Hepatocellular carcinoma

Case contributed by Rafah Jamouz
Diagnosis certain


Anorexia and weight loss.

Patient Data

Age: 65 years
Gender: Male

A large heterogeneous soft tissue mass with irregular borders is seen in the right lobe of the liver which shows heterogeneous enhancement during the arterial phase and a washout on the portal venous phase. There is a central hypoattenuating area consistent with necrosis. The superior aspect of the mass is confluent with a heterogeneous soft tissue mass which infiltrates the right hemidiaphragm. Findings are suggestive of hepatocellular carcinoma.

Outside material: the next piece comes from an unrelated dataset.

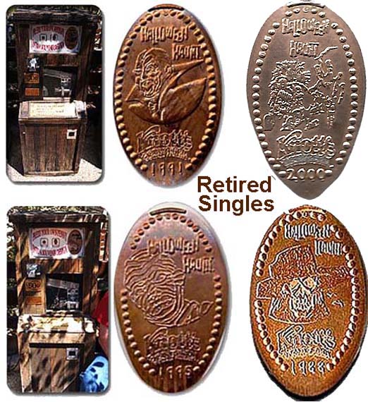 Retired D: Halloween Haunt designs: 1) Skull wearing a hat 1988 2) Mummy 1995, 3) Dracula 1991, 4) Werewolf 2000.

Multiple liver lesions show heterogeneous enhancement on the arterial phase and washout on the venous phase, representing metastases.

A small amount of perihepatic fluid is noted.

Case Discussion

The right hepatic liver mass was proven to be HCC by pathology.

Hepatocellular carcinoma (HCC) is the most common primary malignancy of the liver.

The major risk factor for the development of hepatocellular carcinoma is cirrhosis, particularly cirrhosis related to chronic viral hepatitis, alcoholic cirrhosis, cirrhosis caused by hemochromatosis, and primary biliary cirrhosis.

HCC is typically diagnosed in late middle age or elderly adults (average 65 years) and is more common in males (75% cases). The tumor can also occur in the pediatric population.